Deacon Michael Weaver, Director of the diocesan Office for Deacons, went on mission on Monday, August 28. “The day I went over, we were in Napili Park in Kapalua. It’s one of the major staging areas for aid.”
He told about one woman who came over and said, “I’m not Catholic, but I really need to talk to someone.” Deacon Ribucan sat her down and got her some water. She told him of how she had gone through multiple evacuations – the most recent one based on a false rumor – from her still undamaged house. “I can’t take this!” she told Deacon Ribucan, who let her talk, commenting occasionally, “as she just let her feelings out.”

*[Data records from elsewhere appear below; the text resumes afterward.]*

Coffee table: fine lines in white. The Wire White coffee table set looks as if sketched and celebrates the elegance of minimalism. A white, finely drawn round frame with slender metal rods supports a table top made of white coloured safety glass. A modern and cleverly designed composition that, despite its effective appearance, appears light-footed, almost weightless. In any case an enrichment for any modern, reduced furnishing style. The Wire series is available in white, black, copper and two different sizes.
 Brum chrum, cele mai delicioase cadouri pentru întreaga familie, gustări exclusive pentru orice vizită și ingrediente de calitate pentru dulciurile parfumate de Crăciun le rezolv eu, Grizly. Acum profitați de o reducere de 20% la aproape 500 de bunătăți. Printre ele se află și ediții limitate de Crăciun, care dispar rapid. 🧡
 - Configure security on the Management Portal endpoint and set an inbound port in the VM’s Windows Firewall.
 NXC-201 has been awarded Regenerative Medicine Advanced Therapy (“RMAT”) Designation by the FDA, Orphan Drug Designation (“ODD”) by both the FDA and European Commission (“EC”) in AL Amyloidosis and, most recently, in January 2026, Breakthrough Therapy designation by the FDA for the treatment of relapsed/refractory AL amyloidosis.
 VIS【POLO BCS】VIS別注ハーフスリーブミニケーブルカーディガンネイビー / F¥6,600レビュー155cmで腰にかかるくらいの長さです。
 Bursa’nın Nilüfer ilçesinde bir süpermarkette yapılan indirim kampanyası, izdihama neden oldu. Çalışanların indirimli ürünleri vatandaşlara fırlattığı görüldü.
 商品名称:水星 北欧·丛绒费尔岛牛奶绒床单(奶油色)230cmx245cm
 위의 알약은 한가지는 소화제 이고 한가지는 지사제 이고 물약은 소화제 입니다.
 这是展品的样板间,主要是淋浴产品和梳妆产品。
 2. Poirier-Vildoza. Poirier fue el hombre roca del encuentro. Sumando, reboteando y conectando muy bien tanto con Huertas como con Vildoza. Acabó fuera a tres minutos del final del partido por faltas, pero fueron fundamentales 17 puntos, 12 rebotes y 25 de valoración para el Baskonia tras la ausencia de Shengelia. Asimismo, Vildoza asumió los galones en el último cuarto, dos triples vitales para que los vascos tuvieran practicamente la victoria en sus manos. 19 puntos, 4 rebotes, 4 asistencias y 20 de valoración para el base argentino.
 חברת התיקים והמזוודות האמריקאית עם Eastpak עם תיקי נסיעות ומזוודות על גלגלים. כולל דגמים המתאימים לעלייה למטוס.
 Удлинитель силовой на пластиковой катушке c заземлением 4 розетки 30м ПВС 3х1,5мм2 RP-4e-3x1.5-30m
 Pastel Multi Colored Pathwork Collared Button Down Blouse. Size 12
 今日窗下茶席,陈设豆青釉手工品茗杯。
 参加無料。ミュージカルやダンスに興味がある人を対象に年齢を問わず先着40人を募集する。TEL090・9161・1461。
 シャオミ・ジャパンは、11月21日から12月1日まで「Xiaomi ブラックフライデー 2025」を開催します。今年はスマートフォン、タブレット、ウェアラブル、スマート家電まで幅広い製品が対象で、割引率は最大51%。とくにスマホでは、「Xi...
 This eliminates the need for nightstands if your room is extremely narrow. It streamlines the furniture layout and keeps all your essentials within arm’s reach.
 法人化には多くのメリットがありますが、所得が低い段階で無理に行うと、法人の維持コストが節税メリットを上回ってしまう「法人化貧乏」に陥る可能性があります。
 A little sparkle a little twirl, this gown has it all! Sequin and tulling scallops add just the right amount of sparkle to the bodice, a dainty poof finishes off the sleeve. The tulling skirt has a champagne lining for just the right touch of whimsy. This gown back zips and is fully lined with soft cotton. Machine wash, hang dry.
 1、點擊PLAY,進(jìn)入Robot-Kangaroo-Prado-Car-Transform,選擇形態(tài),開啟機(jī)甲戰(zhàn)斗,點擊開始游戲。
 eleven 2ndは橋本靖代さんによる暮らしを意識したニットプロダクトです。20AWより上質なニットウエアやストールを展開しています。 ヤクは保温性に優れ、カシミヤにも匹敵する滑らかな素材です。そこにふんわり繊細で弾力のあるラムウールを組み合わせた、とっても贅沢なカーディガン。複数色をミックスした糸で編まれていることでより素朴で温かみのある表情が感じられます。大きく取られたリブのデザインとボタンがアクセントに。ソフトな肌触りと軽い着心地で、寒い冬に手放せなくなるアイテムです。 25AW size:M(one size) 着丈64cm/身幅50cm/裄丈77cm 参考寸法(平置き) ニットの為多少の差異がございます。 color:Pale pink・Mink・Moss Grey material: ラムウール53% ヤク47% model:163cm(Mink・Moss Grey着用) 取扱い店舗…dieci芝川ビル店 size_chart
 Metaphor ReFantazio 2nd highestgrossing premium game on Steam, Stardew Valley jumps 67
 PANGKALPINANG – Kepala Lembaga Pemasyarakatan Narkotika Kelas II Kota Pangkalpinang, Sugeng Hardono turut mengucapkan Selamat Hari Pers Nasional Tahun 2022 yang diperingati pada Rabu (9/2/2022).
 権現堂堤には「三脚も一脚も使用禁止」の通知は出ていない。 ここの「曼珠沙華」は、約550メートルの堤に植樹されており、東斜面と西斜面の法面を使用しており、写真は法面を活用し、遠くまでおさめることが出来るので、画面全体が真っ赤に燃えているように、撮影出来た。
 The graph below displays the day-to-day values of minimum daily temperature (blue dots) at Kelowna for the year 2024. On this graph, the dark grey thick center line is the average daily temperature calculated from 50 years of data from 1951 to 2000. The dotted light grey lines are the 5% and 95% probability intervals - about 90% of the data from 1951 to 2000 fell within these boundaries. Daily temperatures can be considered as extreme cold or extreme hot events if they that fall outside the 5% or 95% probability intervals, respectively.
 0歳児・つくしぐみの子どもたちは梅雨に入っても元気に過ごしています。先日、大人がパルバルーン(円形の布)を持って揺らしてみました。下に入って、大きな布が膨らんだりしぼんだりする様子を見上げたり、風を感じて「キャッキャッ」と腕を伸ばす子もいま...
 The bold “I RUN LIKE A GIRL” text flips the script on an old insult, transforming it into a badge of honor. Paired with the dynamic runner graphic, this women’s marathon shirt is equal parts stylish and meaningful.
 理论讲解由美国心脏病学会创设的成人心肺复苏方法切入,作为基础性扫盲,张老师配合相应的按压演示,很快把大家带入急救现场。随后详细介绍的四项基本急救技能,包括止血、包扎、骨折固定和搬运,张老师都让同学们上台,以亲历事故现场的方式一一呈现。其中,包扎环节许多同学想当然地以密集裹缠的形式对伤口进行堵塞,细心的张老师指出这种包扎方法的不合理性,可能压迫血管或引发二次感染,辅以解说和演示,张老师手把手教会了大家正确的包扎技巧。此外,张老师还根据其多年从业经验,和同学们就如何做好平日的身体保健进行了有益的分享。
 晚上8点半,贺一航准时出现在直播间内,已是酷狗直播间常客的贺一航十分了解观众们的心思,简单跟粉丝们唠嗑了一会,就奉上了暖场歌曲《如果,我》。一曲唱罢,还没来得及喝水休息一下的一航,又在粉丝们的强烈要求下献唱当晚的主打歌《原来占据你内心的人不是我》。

“Thirty minutes later, she was calmer and laughing,” said Deacon Weaver. “She hugged Chris, who said a prayer with her, shook my hand and Father Arnold’s as well, and walked quietly off. She turned as she got to her car and waved.”
“That’s pretty much how the day went,” said the deacon.
Deacon Charles Mapa, from Mountain View on the Big Island of Hawaii, and who serves as a deacon at Sacred Heart Church in Pahoa, gave a brief homily at Sunday Mass at Sacred Hearts Mission on Sunday, August 27. He spoke about his part in the mercy mission.
“Speaking as a deacon, I know that most of us came with little expectation that we had to do something when we got here. We knew that if we could just be here, God would use our presence to let us listen to you and pray with you,” he said.
“I saw a great dynamic happening because of this situation,” he said. “I saw on the Big Island a great outpouring of love that I knew was happening throughout our beautiful islands, and you are the target of that love.”
“I have seen here signs of great resiliency and hope. That you are even having Mass here in this mission church, this beautiful mission church, is a wonderful thing,” Deacon Mapa said.
“There seems to be, in spite of the tremendous hardships placed on you, a huge outpouring of the Holy Spirit here,” he said. “There is vibrant life here, and it is here because you continually say ‘yes’ to God’s promptings. You will endure and I see you as beacons of love and hope for all of Lahaina.”
“In closing, I quote Pope St. John Paul II, ‘Couragio! God is with you!’”
Patrick Downes is Editor of the Hawaii Catholic Herald, newspaper of the Diocese of Honolulu.